3. En deuxième lieu, aux termes de l'article 21-15 du code civil : " Hors le cas prévu à l'article 21-14-1, l'acquisition de la nationalité française par décision de l'autorité publique résulte d'une naturalisation accordée par décret à la demande de l'étranger ". Aux termes de l'article 48 du décret n° 93-1362 du 30 décembre 1993 : " () / Si le ministre chargé des naturalisations estime qu'il n'y a pas lieu d'accorder la naturalisation () sollicitée, il prononce le rejet de la demande. Il peut également en prononcer l'ajournement en imposant un délai ou des conditions () ". En vertu de ces dispositions, il appartient au ministre chargé des naturalisations de porter une appréciation sur l'intérêt d'accorder la nationalité française à l'étranger qui la sollicite. Dans le cadre de cet examen d'opportunité, il peut légalement prendre en compte les renseignements défavorables recueillis sur le postulant.

4. Il ressort de la décision contestée que, pour ajourner à deux ans la demande de naturalisation présentée par M. B, le ministre de l'intérieur s'est fondé sur le motif tiré de ce qu'il a été l'auteur de conduite d'un véhicule sans permis de conduire le 22 septembre 2016 et sans assurance le 17 juillet 2017, faits pour lesquels il a été condamné par le tribunal de grande instance de Marseille au paiement de deux amendes d'un montant respectivement de 700 euros le 14 décembre 2017 et de 500 euros le 2 octobre 2017.
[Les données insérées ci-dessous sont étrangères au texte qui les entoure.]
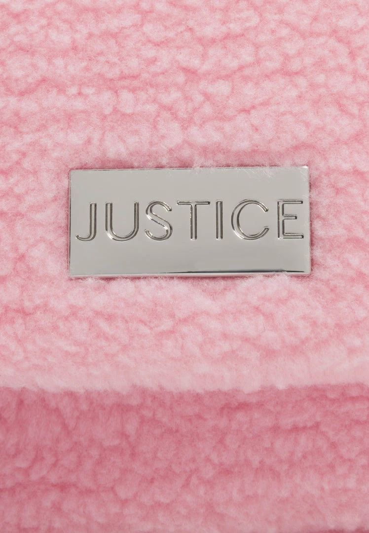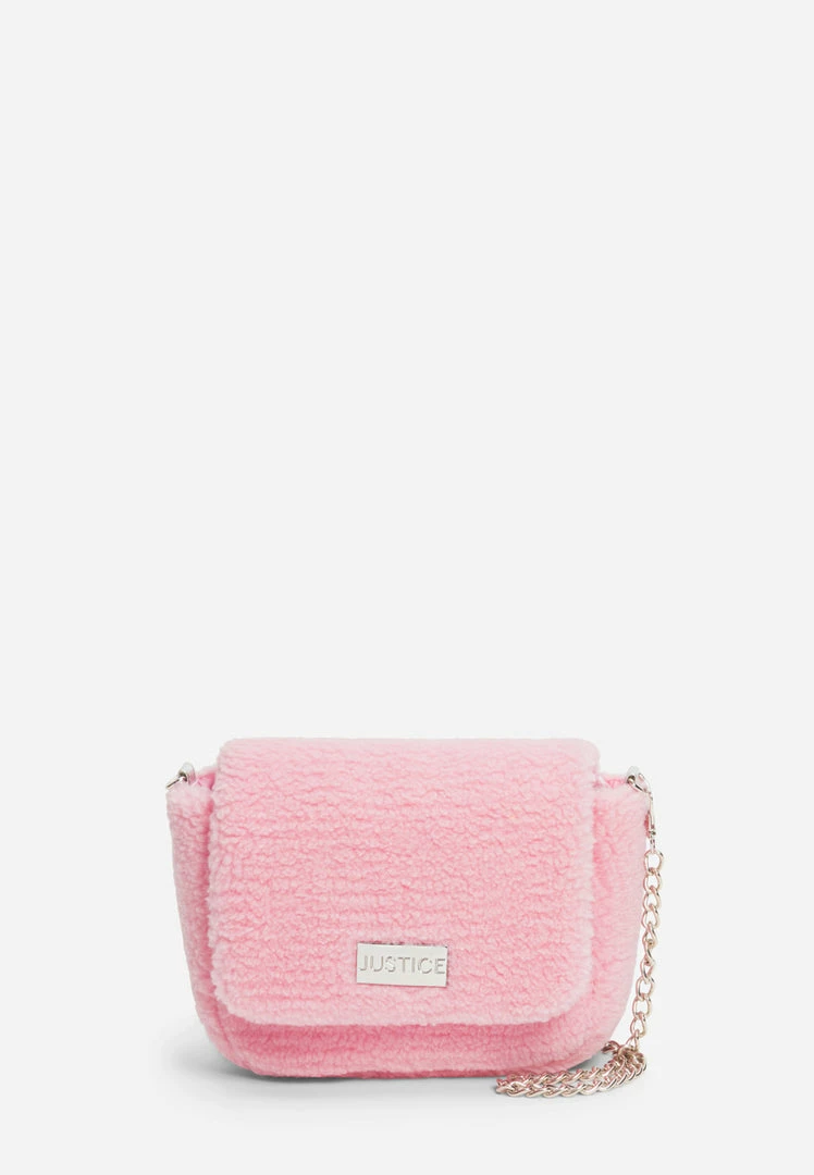 Our girls’ crossbody bag is just right for your on-the-go girl. We designed it in season-perfect faux sherpa. The front flap features a Justice logo plate. A shiny detachable crossbody chain offers hands-free carrying and a bit of glam.

5. Il ressort des pièces du dossier que les faits reprochés à M. B présentent un caractère grave et n'étaient pas exagérément anciens à la date à laquelle la décision attaquée a été prise. Dans ces conditions, le ministre de l'intérieur, compte tenu du large pouvoir d'appréciation dont il dispose pour apprécier l'opportunité d'accorder la nationalité française à l'étranger qui la sollicite, n'a pas commis d'erreur de droit, ni d'erreur de fait ou d'erreur manifeste d'appréciation en confirmant l'ajournement à deux ans de la demande de naturalisation de l'intéressé.

6. En troisième lieu, les circonstances selon lesquelles M. B remplirait toutes les autres conditions nécessaires à l'octroi de la nationalité française et a obtenu le 14 août 2018 le permis de conduire sont sans incidence sur la légalité de la décision attaquée, compte tenu du motif qui la fonde.
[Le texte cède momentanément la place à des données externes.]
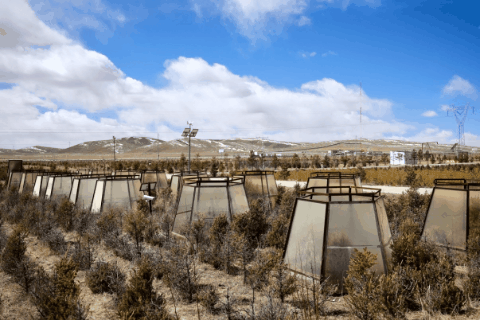 这是2026年3月18日拍摄的用于保护树苗的顶开式滤光温室和PE树围。新华社记者 周昱龙 摄

7. Il résulte tout de ce qui précède que la requête de M. B doit être rejetée en toutes ses conclusions.

D E C I D E :

Article 1er : La requête de M. B est rejetée.

Article 2 : Le présent jugement sera notifié à M. E B, à Me Carmier et au ministre d'Etat, ministre de l'intérieur.

Délibéré après l'audience du 5 mai 2025, à laquelle siégeaient :

Mme Allio-Rousseau, présidente,

M. Jégard, premier conseiller,

Mme Frelaut, première conseillère.

Rendu public par mise à disposition au greffe le 2 juin 2025.

La présidente,

M-P. ALLIO-ROUSSEAU

L'assesseur le plus ancien

dans l'ordre du tableau

X. JÉGARD

La greffière,

E. HAUBOIS

La République mande et ordonne au ministre d'Etat, ministre de l'intérieur en ce qui le concerne ou à tous commissaires de justice à ce que requis en ce qui concerne les voies de droit commun contre les parties privées, de pourvoir à l'exécution de la présente décision.